Enterprise data security for lakehouses encompasses the full spectrum of controls, policies, and technologies protecting analytical data from unauthorized access, data breaches, insider threats, and compliance violations. Unlike perimeter security (network firewalls protecting a server room), cloud lakehouse security must protect data stored in shared-responsibility cloud environments (S3, ADLS) where organizational and cloud provider responsibilities are distinct.
Security Layers in the Iceberg Lakehouse
- Encryption at Rest: All Parquet files stored in S3 are encrypted using server-side encryption (SSE-S3, SSE-KMS) or client-side encryption. AWS KMS, Azure Key Vault, and Google Cloud KMS provide key management with automatic key rotation and audit trails for every decryption event.
- Encryption in Transit: All communication between query engines and S3, between client applications and query engines, and between catalog and engines uses TLS 1.2+. Arrow Flight SQL enforces TLS by default.
- Identity and Access Management: AWS IAM, Azure AD, or GCP IAM control which service accounts and users have the S3 bucket permissions to read or write Parquet files. The catalog layer (Polaris, Unity Catalog) adds application-level RBAC on top of cloud IAM, providing fine-grained table and column-level governance beyond what cloud IAM alone supports.

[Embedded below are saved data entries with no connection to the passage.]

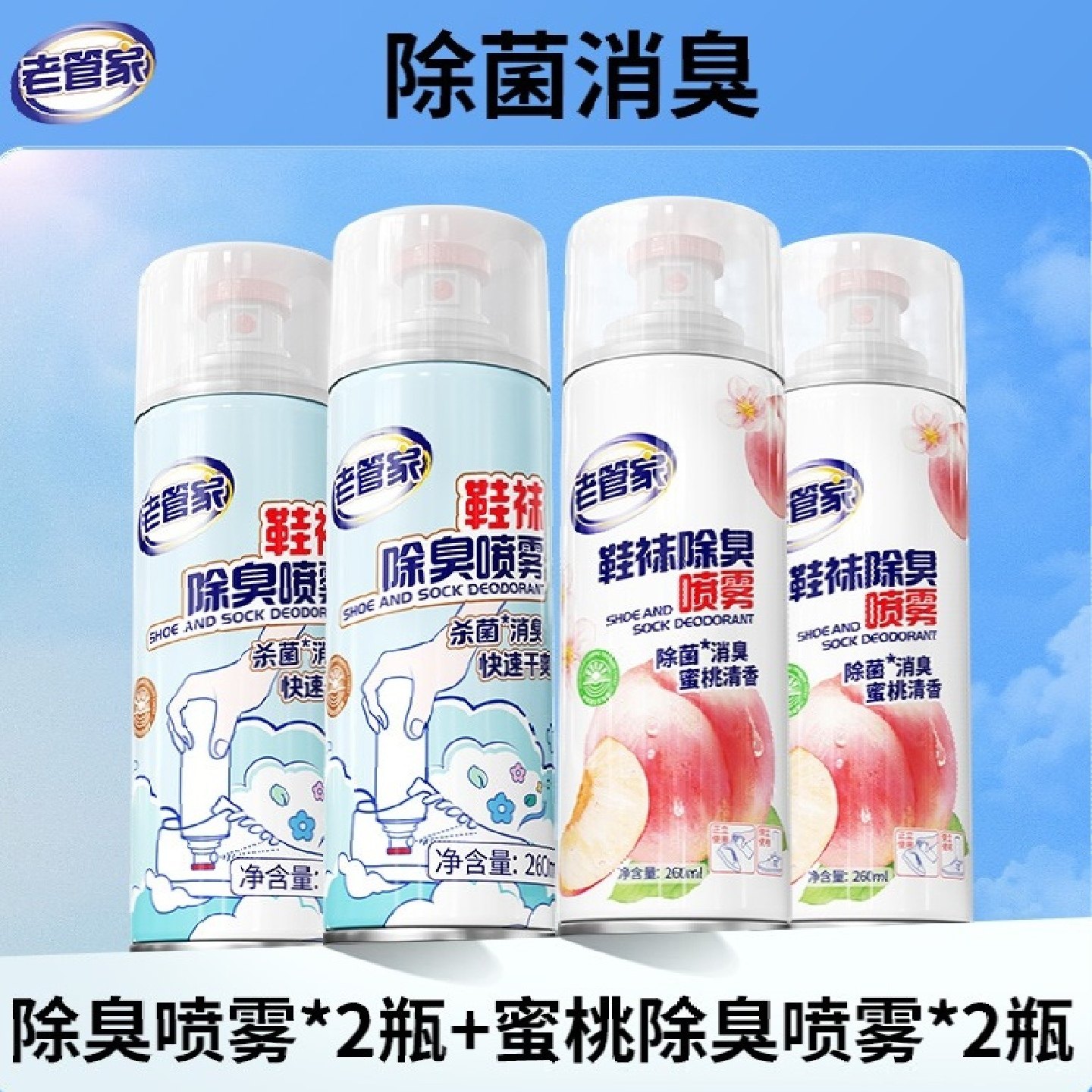老管家鞋子除臭喷雾鞋袜除臭剂球鞋杀菌鞋柜银离子防臭去异味神器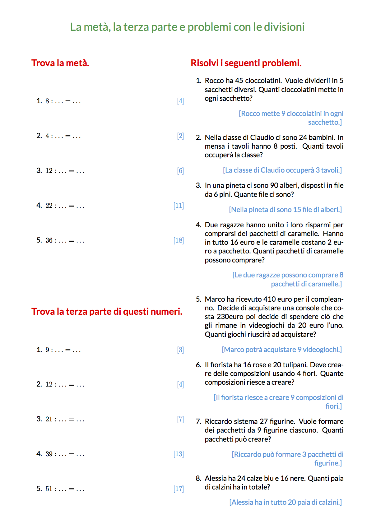 Infine, degli esercizi sul calcolo delle divisioni: la metà, la terza parte e tanti problemi da risolvere con le divisioni.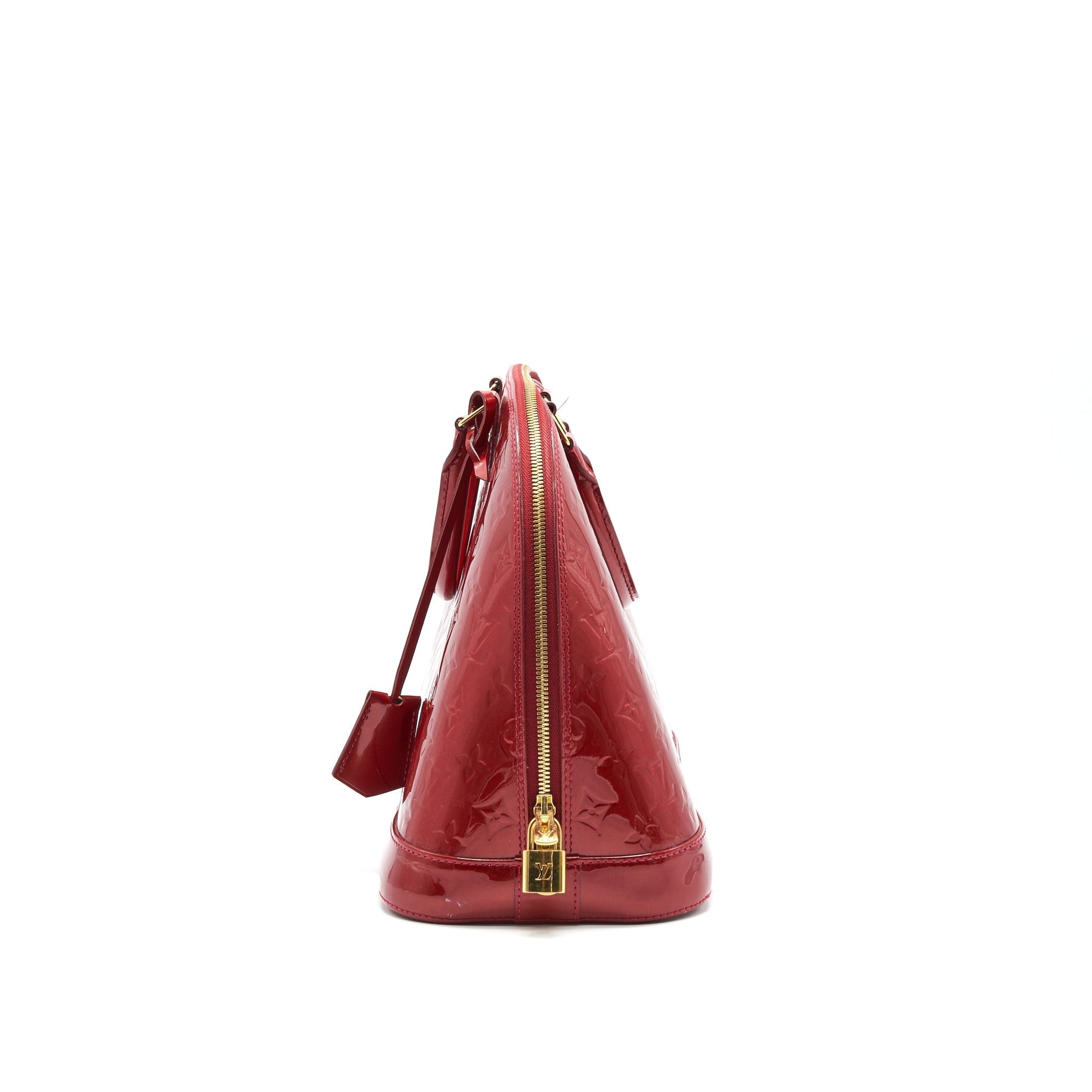 Well Used (This item is in good condition with slight color transfer on bottom part of patent Leather, slight sign of use inside Bag. Slight scratches on hardware and on the edges. )

- Audit Logging: Every query execution, access grant, and schema change is logged. AWS CloudTrail logs S3 API calls. Catalog platforms log all catalog operations. Query engines log query text, user identity, and execution results for compliance reporting.
- Network Security: Private Link, VPC endpoints, and IP allowlists restrict which networks can access the catalog and query engine endpoints, preventing exposure to the public internet.